- Chilaunsa Location in Uttar Pradesh, India
- Coordinates: 27°10′39″N 79°16′55″E﻿ / ﻿27.17746°N 79.28184°E
- Country: India
- State: Uttar Pradesh
- District: Mainpuri
- Tehsil: Bhongaon

Area
- • Total: 4.081 km^{2} (1.576 sq mi)

Population (2011)
- • Total: 2,147
- • Density: 526.1/km^{2} (1,363/sq mi)
- Time zone: UTC+5:30 (IST)

= Chilaunsa =

Village in Uttar Pradesh, India

Chilaunsa is a village in Bewar block of Mainpuri district, Uttar Pradesh. As of 2011, it has a population of 2,147, in 351 households.

== Demographics ==
As of 2011, Chilaunsa had a population of 2,147, in 351 households. This population was 53.4% male (1,147) and 46.6% female (1,000). The 0-6 age group numbered 288 (153 male and 135 female), or 13.4% of the total population. 299 residents were members of Scheduled Castes, or 13.9% of the total.

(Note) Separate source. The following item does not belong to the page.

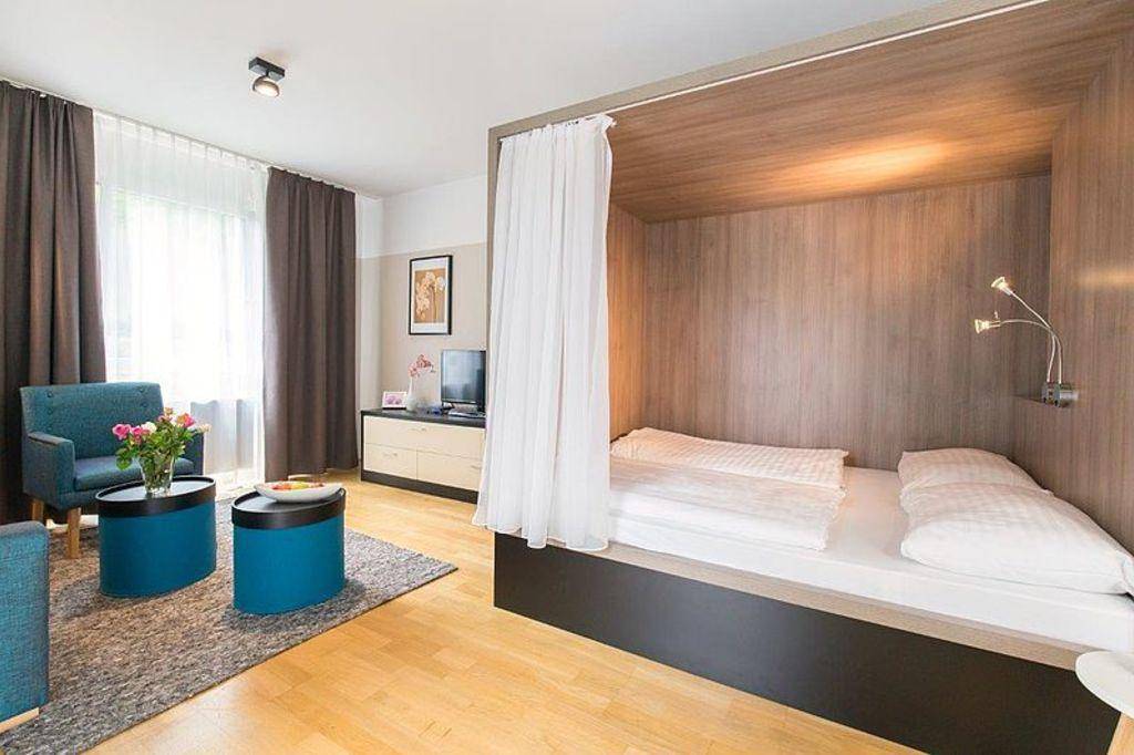 Das Apartment verfügt über eine Gesamtfläche von ca. 44m². Das stilvoll eingerichtete Apartment bietet einen großzügigen Wohnraum mit Küche, einen optisch abgetrennten Schlafbereich mit Doppelbett & ausziehbarem Schlafsofa sowie einen kleinen Garten und ein modernes Badezimmer mit Dusche. Die Küche ist ausgestattet mit Mikrowelle, Kühlschrank, Tiefkühler und Herd. Teilweise befinden sich in den Küchen auch ein Ofen und Geschirrspüler. Bett- & Geschirrwäsche sowie Handtücher werden als Erstausstattung zur Verfügung gestellt.

The 1981 census recorded Chilaunsa (as "Chilausa") as having a population of 1,542 people, in 269 households.

The 1961 census recorded Chilaunsa as comprising 5 hamlets, with a total population of 1,021 people (573 male and 448 female), in 182 households and 124 physical houses. The area of the village was given as 1,020 acres.

== Infrastructure ==
As of 2011, Chilaunsa had 1 primary school and 1 primary health centre. Drinking water was provided by hand pump; there were no public toilets. The village had a post office but no public library; there was at least some access to electricity for all purposes. Streets were made of both kachcha and pakka materials.